:: WHAT YOU HAVE TO DO ::
Return every line of the records below verbatim, with no pictures in the copy.

(GIVEN RECORDS begins)

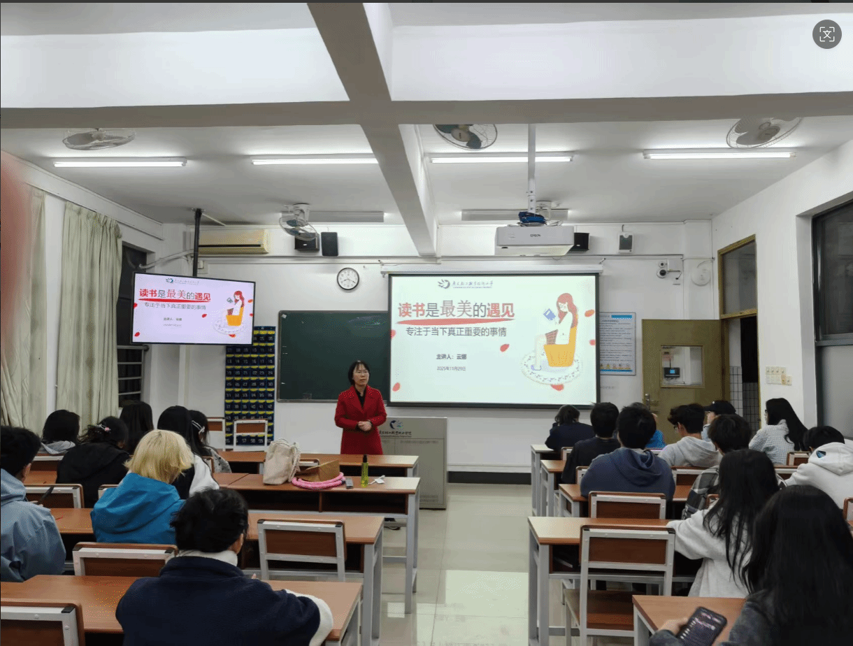 11月20日晚,云娜副院长在2号楼509室为学生干部们讲授《读书是最美的遇见》主题思政课
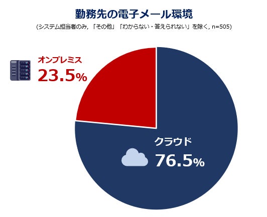 勤務先の電子メール環境はクラウドが3/4、オンプレミスが1/4、製品別ではMicrosoft 365が57.2%と過半数
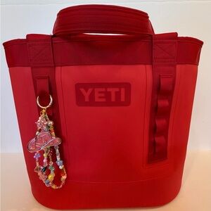 Add a pop of color to your bag with this homemade vibrant beaded keychain. Perfect for adding charm to your bag or keys. Styled on the YETI camino 35 bag!
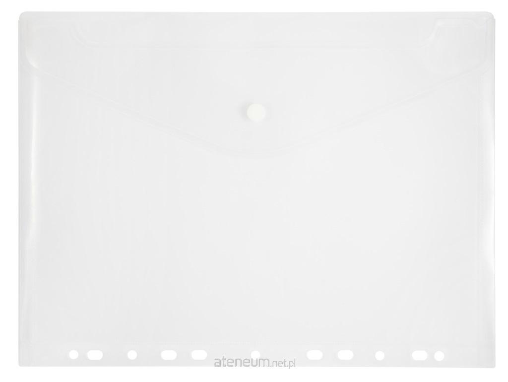 Koperta wykonana z kolorowego, transparentnego polipropylenu o grubości 0.18 mm. Zapinana na zatrzask. Europrofaracja umożliwia wpięcie teczki do segregatora, orientacja pozioma, wymiary 31,2x23,5 cm.
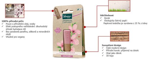 Přírodní péče pro citlivé rty s jemnou vůní mandlových květů. Balzám obsahuje výživný kandelilový vosk a vysoce kvalitní mandlový olej, který podporuje regeneraci pokožky, vyživuje pokožku a uzamyká v ní hydrataci. Je vhodný pro velmi citlivou a dětskou pokožku. Kandelilový vosk má ochranné, regenerační a hydratační účinky.
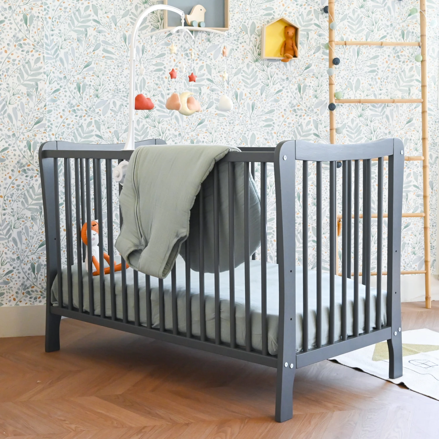 Lit bébé en bois anthracite 60×120 possédant une structure en hêtre massif et un sommier à lattes réglable sur 3 hauteurs. Grâce à son sommier réglable, le coucher de bébé n’en sera que plus facile.

(GIVEN RECORDS ends)

:: RESPONSE AREA ::
 11月20日晚,云娜副院长在2号楼509室为学生干部们讲授《读书是最美的遇见》主题思政课
 勤務先の電子メール環境はクラウドが3/4、オンプレミスが1/4、製品別ではMicrosoft 365が57.2%と過半数
 Add a pop of color to your bag with this homemade vibrant beaded keychain. Perfect for adding charm to your bag or keys. Styled on the YETI camino 35 bag!
 Koperta wykonana z kolorowego, transparentnego polipropylenu o grubości 0.18 mm. Zapinana na zatrzask. Europrofaracja umożliwia wpięcie teczki do segregatora, orientacja pozioma, wymiary 31,2x23,5 cm.
 Přírodní péče pro citlivé rty s jemnou vůní mandlových květů. Balzám obsahuje výživný kandelilový vosk a vysoce kvalitní mandlový olej, který podporuje regeneraci pokožky, vyživuje pokožku a uzamyká v ní hydrataci. Je vhodný pro velmi citlivou a dětskou pokožku. Kandelilový vosk má ochranné, regenerační a hydratační účinky.
 Lit bébé en bois anthracite 60×120 possédant une structure en hêtre massif et un sommier à lattes réglable sur 3 hauteurs. Grâce à son sommier réglable, le coucher de bébé n’en sera que plus facile.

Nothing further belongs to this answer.